Exercise:
Each line of the data is to be output verbatim, with the images removed.

Source records:
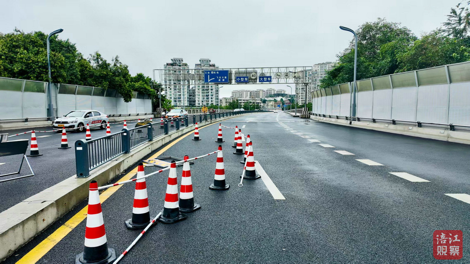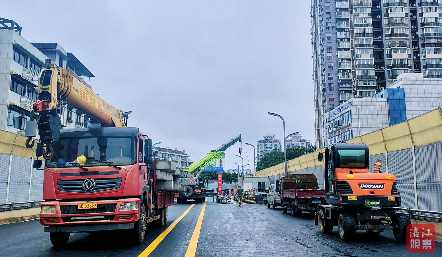 記者在現(xiàn)場(chǎng)看到,新三匯橋主體結(jié)構(gòu)巍然屹立,橋面寬敞平整,部分新的道路指示牌已清晰可見,交通標(biāo)線也在緊張施劃中。
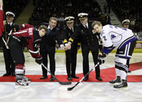 [caption id="attachment_208" align="alignright" width="200" caption="RAdm Nigel Greenwood, Commander Maritime Forces Pacific, and Cdr David Mazur, Commanding Officer of HMCS Vancouver, are joined by Darren Parker, Royals’ Senior Vice President Sales and Marketing, at centre ice for the puck drop."][/caption]Story By: Base Public Affairs A week ago, the largest arena in Victoria was brimming with hockey fans, including a large contingent from CFB Esquimalt. Military members were the special guests of the Victoria Royals, the city’s Western Hockey League team, during their March 3 game against the Vancouver Giants at the Save-on-Foods Memorial Centre. Front and centre in the military appreciation night were sailors from HMCS Vancouver, freshly back from seven months in the Mediterranean enforcing United Nation’s imposed arms embargo against Libya. The Royals also donated more than 150 free tickets, which were given to deserving personnel from the Formation, and discounted general tickets for CF members and their families. As hockey fans arrived at the Memorial Centre, they were able to check out the Fleet Dive Unit bomb disposal truck and see the bomb disposal robot in action. They also received a CF promotional item as a souvenir of the evening. The pre-game show was all about the Canadian Forces. Vancouver crew members formed the Flag Party on the ice while the Naden Band performed the national anthem. At the conclusion of ‘Oh Canada”, a locally produced DND video highlighting all three elements of the CF played on the megatron screens as announcer Cliff Lequesne talked about the work done by the CF. To the delight and surprise of the crowd, three search and rescue technicians from 442 Squadron Comox, hiding in the rafters, repelled down to the ice to hand deliver the ceremonial puck to Marty the Marmot. “It is very special to rappel from the roof and land...
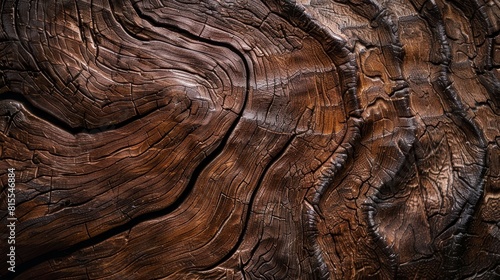 Naklejka premium Engaging close-up view of a brown wooden texture, where earthy tones and...
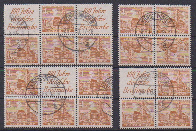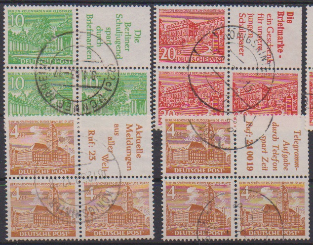 Bauten, sieben verschiedene Zusammendrucke gestempelt, u.a. W17, 23, 25, 31, sowie S5 und S7. Mi. 790,-
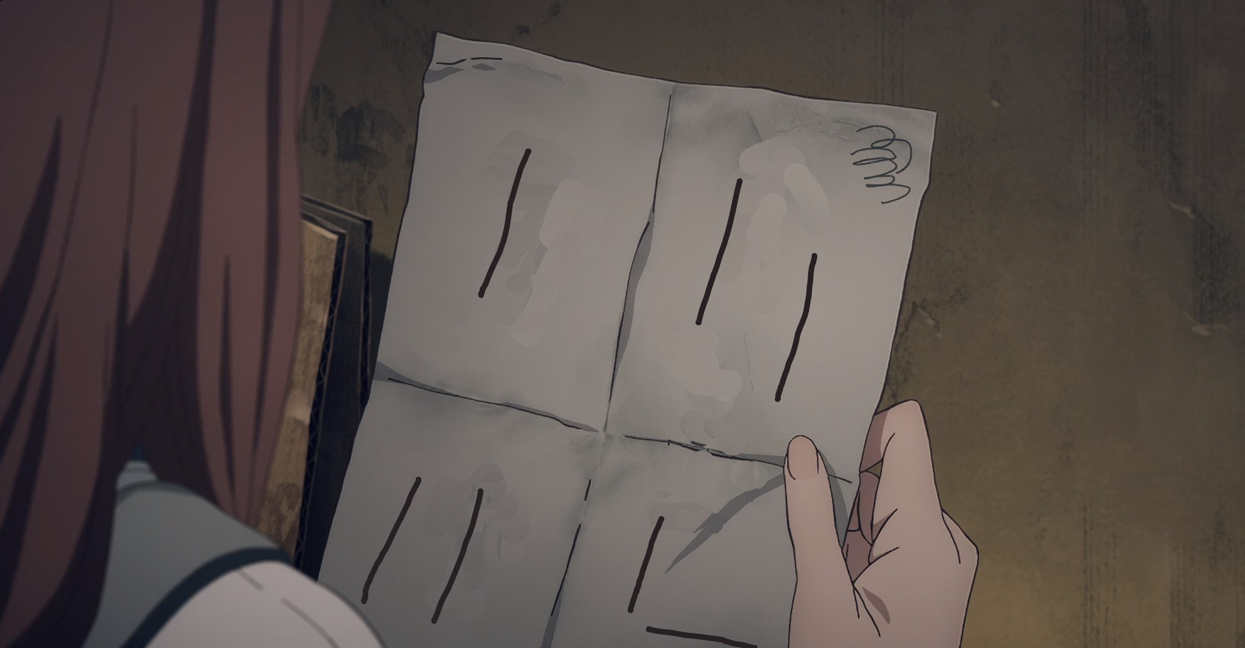 Maru and Kiruko plot their next course, and after running into a theatrical informant (I mean, how else would you describe his "information session" aside from hammy theatre? He even has a cassette tape play creepy music to add ambiance XD), we as audience members learn more about Heavenly Delusion's world - it's still not known what caused the disaster, but the effects are widespread and dangerous in many forms (ecological, geological, etc). Complicating things further is this picture of what appears to be Asura:
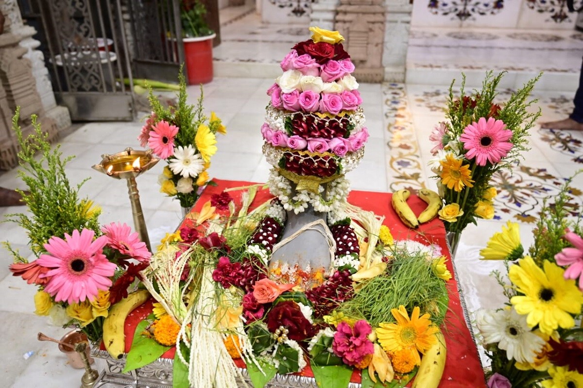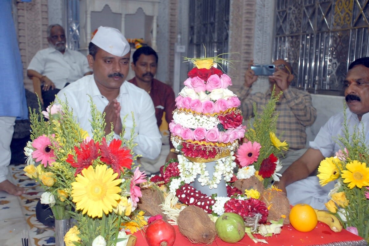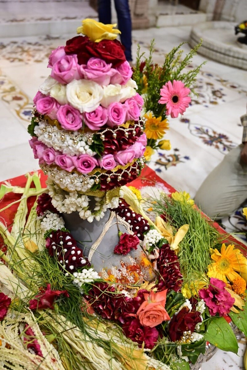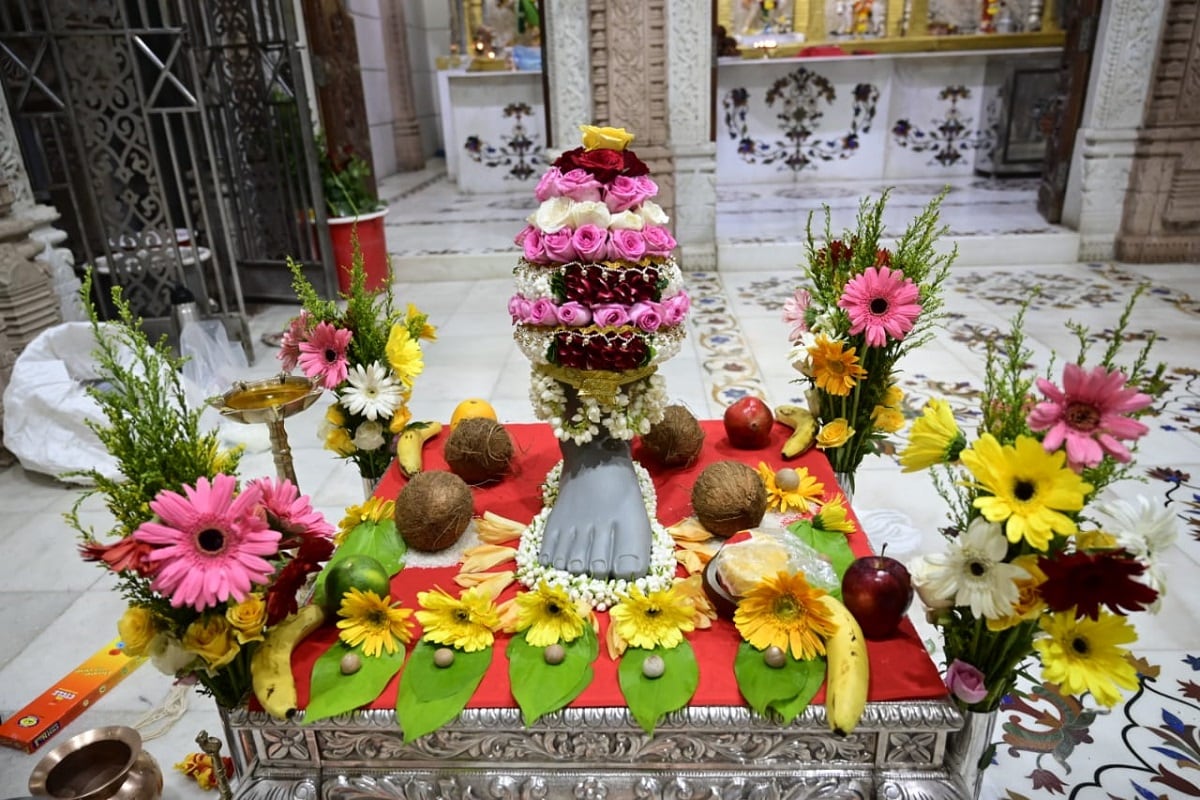 कोविड 19 संसर्ग निर्बंधांमुळे अत्यंत साधेपणाने आणि सुरक्षितपणे हा पाद्यपूजन सोहळा पार पडला. (lalbaugcha raja 2021)

Exercise result:
 記者在現(xiàn)場(chǎng)看到,新三匯橋主體結(jié)構(gòu)巍然屹立,橋面寬敞平整,部分新的道路指示牌已清晰可見,交通標(biāo)線也在緊張施劃中。
 [caption id="attachment_208" align="alignright" width="200" caption="RAdm Nigel Greenwood, Commander Maritime Forces Pacific, and Cdr David Mazur, Commanding Officer of HMCS Vancouver, are joined by Darren Parker, Royals’ Senior Vice President Sales and Marketing, at centre ice for the puck drop."][/caption]Story By: Base Public Affairs A week ago, the largest arena in Victoria was brimming with hockey fans, including a large contingent from CFB Esquimalt. Military members were the special guests of the Victoria Royals, the city’s Western Hockey League team, during their March 3 game against the Vancouver Giants at the Save-on-Foods Memorial Centre. Front and centre in the military appreciation night were sailors from HMCS Vancouver, freshly back from seven months in the Mediterranean enforcing United Nation’s imposed arms embargo against Libya. The Royals also donated more than 150 free tickets, which were given to deserving personnel from the Formation, and discounted general tickets for CF members and their families. As hockey fans arrived at the Memorial Centre, they were able to check out the Fleet Dive Unit bomb disposal truck and see the bomb disposal robot in action. They also received a CF promotional item as a souvenir of the evening. The pre-game show was all about the Canadian Forces. Vancouver crew members formed the Flag Party on the ice while the Naden Band performed the national anthem. At the conclusion of ‘Oh Canada”, a locally produced DND video highlighting all three elements of the CF played on the megatron screens as announcer Cliff Lequesne talked about the work done by the CF. To the delight and surprise of the crowd, three search and rescue technicians from 442 Squadron Comox, hiding in the rafters, repelled down to the ice to hand deliver the ceremonial puck to Marty the Marmot. “It is very special to rappel from the roof and land...
 Naklejka premium Engaging close-up view of a brown wooden texture, where earthy tones and...
 Bauten, sieben verschiedene Zusammendrucke gestempelt, u.a. W17, 23, 25, 31, sowie S5 und S7. Mi. 790,-
 Maru and Kiruko plot their next course, and after running into a theatrical informant (I mean, how else would you describe his "information session" aside from hammy theatre? He even has a cassette tape play creepy music to add ambiance XD), we as audience members learn more about Heavenly Delusion's world - it's still not known what caused the disaster, but the effects are widespread and dangerous in many forms (ecological, geological, etc). Complicating things further is this picture of what appears to be Asura:
 कोविड 19 संसर्ग निर्बंधांमुळे अत्यंत साधेपणाने आणि सुरक्षितपणे हा पाद्यपूजन सोहळा पार पडला. (lalbaugcha raja 2021)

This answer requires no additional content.